Fine‐Scale Structure of the 2016–2017 Central Italy Seismic Sequence From Data Recorded at the Italian National Network

Abstract We explore the three‐dimensional structure of the 2016–2017 Central Italy sequence using ~34,000 M L  ≥ 1.5 earthquakes that occurred between August 2016 and January 2018. We applied cross‐correlation and double‐difference location methods to waveform and parametric data routinely produced at the Italian National Institute of Geophysics and Volcanology. The sequence activated an 80 km long system of normal faults and near‐horizontal detachment faults through the M W 6.0 Amatrice, the M W 5.9 Visso, and the M W 6.5 Norcia mainshocks and aftershocks. The system has an average strike of N155°E and dips 38°–55° southwestward and is segmented into 15–30 km long faults individually activated by the cascade of M W  ≥ 5.0 shocks. The two main normal fault segments, Mt. Vettore‐Mt. Bove to the North and Mt. della Laga to the South, are separated by an NNE‐SSW‐trending lateral ramp of the Sibillini thrust, a regional structure inherited from the previous compressional tectonic phase putting into contact diverse lithologies with different seismicity patterns.

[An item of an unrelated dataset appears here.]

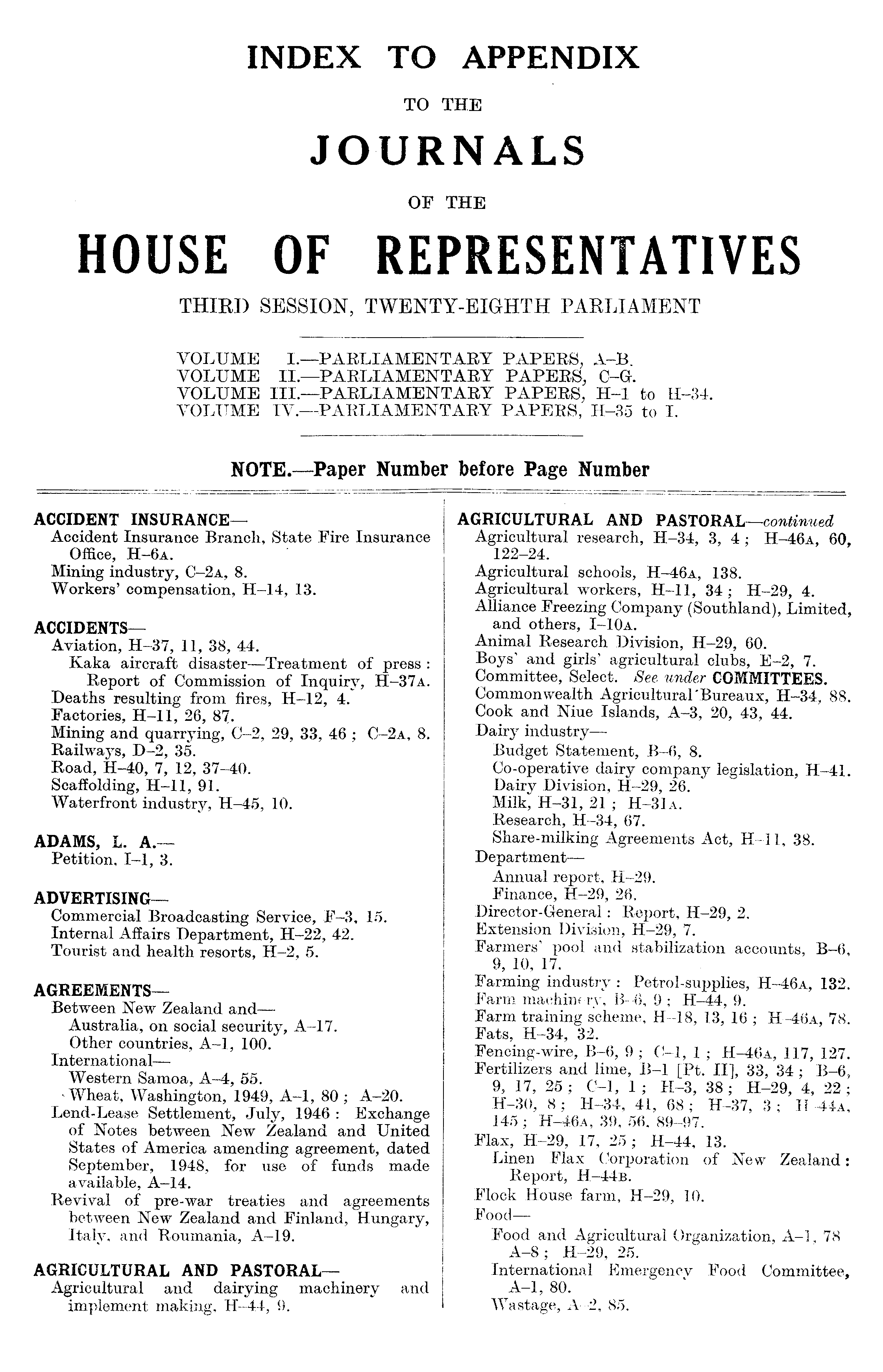 ACCIDENT INSURANCE— Accident Insurance Branch, State Fire Insurance Office, H-6a. Mining industry, C-2a, 8. Workers' compensation, H-14, 13. ACCIDENTS— Aviation, H-37, 11, 38, 44. Kaka aircraft disaster—Treatment of press : Report of Commission of Inquiry, H-37 a. Deaths resulting from fires, H-12, 4. Factories, H-11, 26, 87. Mining and quarrying, C-2, 29, 33, 46 ; C-2a, 8. Railways, D-2, 35. Road, H-40, 7, 12, 37-40. Scaffolding, H-11, 91. Waterfront industry, H-45, 10. ADAMS, L. A. Petition, 1-1, 3. ADVERTISING— Commercial Broadcasting Service, F-3, 15. Internal Affairs Department, H-22, 42. Tourist and health resorts, H-2, 5. AGREEMENTS— Between New Zealand and— Australia, on social security, A-17. Other countries, A-l, 100. International— Western Samoa, A-4, 55. -Wheat, Washington, 1949, A-l, 80 ; A-20. Lend-Lease Settlement, July, 1946 : Exchange of Notes between New Zealand and United States of America amending agreement, dated September, 1948, for use of funds made available, A—l 4. Revival of pre-war treaties and agreements between New Zealand and Finland, Hungary, Italy, and Roumania, A-l 9. AGRICULTURAL AND PASTORAL— Agricultural and dairying machinery and implement making, H-44, 9.

Space‐time reconstruction of the fault system supports a composite rupture scenario previously proposed for the M W 6.5 Norcia earthquake, where the rupture possibly propagated also along an oblique portion of the Sibillini thrust. This dissected set of normal fault segments is bounded at 8–10 km depth by a continuous 2 km thick seismicity layer of extensional nature slightly dipping eastward and interpreted as a shear zone. All three mainshocks in the sequence nucleated along the high‐angle planes at significant distance from the shear zone, thus complicating the interpretation of the mechanisms driving strain partitioning between these structures.